The ASReview software requires Python 3.7+. Detailed step-by-step instructions to install Python and ASReview are available for Windows and macOS users. The project is available on Pypi. Install the project with (Windows users might have to use the prefix python -m):

pip install asreview

Upgrade ASReview with the following command:

pip install --upgrade asreview

Instructions for usage with Docker are here.

ASReview LAB

ASReview LAB is a user-friendly interface for screening documents and experimentation with AI-aided systematic reviews. Read more about using the software in the Quick Tour.

ASReview LAB

Citation

The following publication in Nature Machine Intelligence can be used to cite the project.
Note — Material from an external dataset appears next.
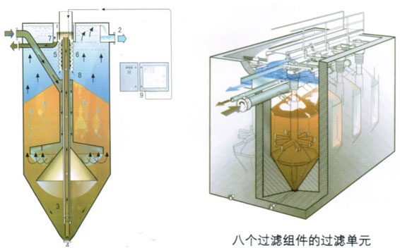 活性砂過濾器采用逆流原理。待處理的水從設(shè)備底部的入流分配管(1)流入,向上流經(jīng)濾床而被過濾,然后向頂部的濾液出流口(2)流出。含有待處理雜質(zhì)的濾砂從設(shè)備錐形底部(3)被空氣提升泵(4)提升到頂部的濾砂清洗器(5)。濾砂的清洗在提升泵中就已經(jīng)開始,在紊流混合作用下雜質(zhì)從砂粒中分離出來,臟砂從泵的出口溢出并進(jìn)入清洗器曲徑通道(6),在那里砂被小流量的清水逆流沖洗干凈,雜質(zhì)通過洗砂水出口(7)排出,而清洗后的砂粒(較重)又返回砂床(8)。結(jié)果是砂床在設(shè)備中不斷的做緩慢下沉運(yùn)動(dòng)。提升泵用壓縮空氣通過空氣分配器提供(9)水的凈化與砂的清洗同時(shí)進(jìn)行,因而過濾器可以不受干擾地連續(xù)進(jìn)行。

van de Schoot, R., de Bruin, J., Schram, R. et al. An open source machine learning framework for efficient and transparent systematic reviews. Nat Mach Intell 3, 125–133 (2021). https://doi.org/10.1038/s42256-020-00287-7

For citing the software, please refer to the specific release of the ASReview software on Zenodo https://doi.org/10.5281/zenodo.3345592. The menu on the right can be used to find the citation format of prevalence.

For more scientific publications on the ASReview software, go to asreview.nl/papers.

Contact

ASReview is a research project coordinated by Rens van de Schoot (full professor at the Department of Methodology & Statistics at Utrecht University, The Netherlands), together with ASReview lead engineer Jonathan de Bruin. For an overview of the team working on ASReview, see ASReview Research Team.

The best resources to find an answer to your question or ways to get in contact with the team are:

License

The ASReview software has an Apache 2.0 LICENSE. The ASReview team accepts no responsibility or liability for the use of the ASReview tool or any direct or indirect damages arising out of the application of the tool.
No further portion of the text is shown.